Agar plugs of actively growing Fusarium solanii, Rhizoctonia solanii and Botrytis cinerea were transferred to the borders of fresh malt extract 2% agar plates. Sterile paper disks were impregnated with the inhibitors at given concentrations and placed in the middle of the plates and incubated in the dark at 22 °C for 48 h. Mycelial growth was monitored. Approximatively 105 spores per ml harvested from mature Fusarium solanii and Botrytis cinerea as well as hyphal cuttings from Rhizoctonia solanii were placed in 6-well plates with sterile tap water supplemented with the given inhibitors and incubated for 24 h in the dark at 22 °C with gentle shaking (110 rpm). Germination of spores and regeneration of cut hyphae was evaluated under a Leica DM600B epifluorescence microscope after 100 μg ml−1 Calcofluor White staining. Phytophthora infestans Rec01 was maintained on V8 medium in our laboratory. Agar plugs of actively growing P. infestans were transferred to the middle of fresh rye 1.5% agar plates and 8 mm wells produced with a cork borer were filled with P. kirkii crude extracts or sterile water as solvent controls. Mycelial growth was monitored. Mature sporangia were harvested with sterile H2O from 10 days mycelia, filtered through sterile cheese cloth and inhibitors were supplemented at the given concentrations. Sporangia germination was stimulated by vigorous vortexing and let to germinate for in the dark at 22 °C for 16 h. Spore germination was assessed under a Leica M165FC stereo microscope and germ tube length was measured from Leica DM600B dissecting microscope brightfield micrographs using ImageJ software.

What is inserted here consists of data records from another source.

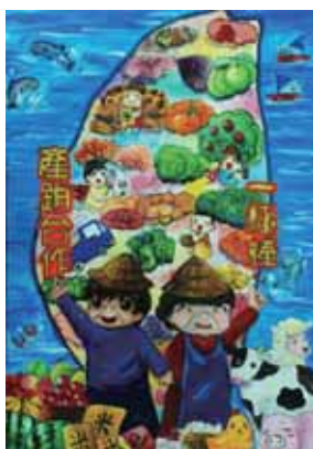
↑ 佳作/百依玲 (台中市中港高中-國中部)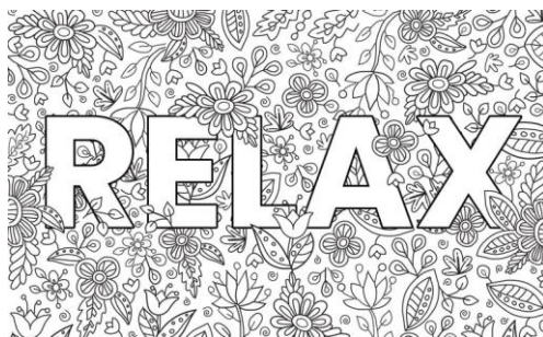
Рис. 2 – Рисунок в брендинге

Этот тренд активно использовался в 2021–2022 годах, хотя ближе ко второй половине уже и пошел на спад, сутью данного тренда являются плоские «флет» иллюстрации, используемые в брендинге. Что отражает близость бренда с обычными пользователями, а так же высокий профессионализм дизайнера внедрившего их в основной стиль бренда.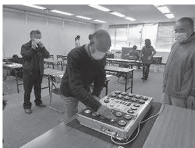
反射能力が実年齢より若かったので嬉しい！

小倉北警察署や交通安全センターの講師による運転シミュレーターや計測器を使ったの実技研修では、事故を未然に防ぐためには、自身の運転テクニックを過信せず、車間距離を十分にとることなど、安全運転の心得を学び、初心に戻ることができました。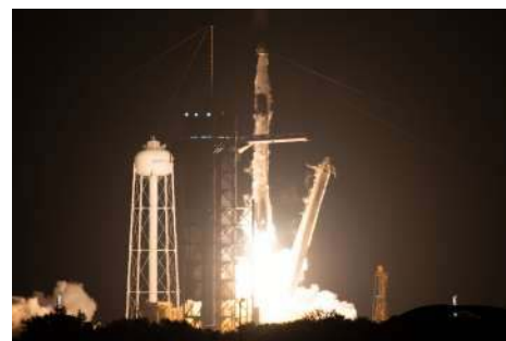
Start rakety Falcon 9, jež k Mezinárodní vesmírné stanici vynesla vesmírnou loď Crew Dragon s posádkou Crew-4.

Čtyři astronauti, společně známí jako Crew-4, odletěli ve středu 27. dubna 09:52 SELČ z Kennedyho vesmírného střediska NASA na Floridě v USA a stráví ve vesmíru téměř půl roku. Na Mezinárodní vesmírnou stanici posádku přepravila vesmírná loď Crew Dragon společnosti SpaceX po zhruba 16 hodinách letu.

Cytotoxicity of (+)-streptol on animal cell line

Brine shrimps

Artemia salina were hatched from dehydrated eggs (Artemio Pur, JBL GmbH Germany) under constant shaking and 60 µE white light illumination at room temperature in artificial sea water (NaCl 37 g/l, pH 8.5 NaOH) supplemented with the given concentrations of inhibitors. After 72 h, the different stages of development of individuals were assessed under a Leica M165FC stereo microscope. No differences in nauplii swimming motility were observed between treatments.

Human cells

Human colon Duke's type B adenocarcinoma LS 174 T cell line was purchased from the Deutsche Sammlung von Mikroorganismen und Zellkulturen (ACC 759) and the cells were grown in Dulbecco's Modified Eagle Medium (DMEM) with 10% heat-inactivated Fetal Bovine Serum (FBS), 0.1% penicillin–streptomycin in an incubator (37 °C, 5% CO2, 95% humidity). LS 174 T cells (4 × 103) were seeded in 96-well cell culture plates in a final volume of 100 µl and allowed to attach for 24 h in the incubator. To evaluate the cytotoxic potential of (+)-streptol, LS 174 T cells were treated with increasing concentrations of the compound in DMEM medium with 10% heat-inactivated FBS, 0.1% penicillin–streptomycin for 5 days in the same growth conditions. Cytotoxicity was determined by replacing the medium with 100 µl of DMEM containing 10% colorimetric Cell Counting Kit-8 (Dojindo Molecular Technologies, Inc.), incubating the cells for another 90 min, and determining dehydrogenase activities by measuring the absorbance at 450 nm following the manufacturer’s instructions. Absorbance at 650 nm was also measured and the value was subtracted to samples’ values as the background. Cells in medium were used as negative control and wells without cells were set as blank.

All photographs displayed in this work were acquired from a Nikon D90 digital camera equipped with a NIKKOR AF-S Micro 60 mm f/2.8G ED macroobjective.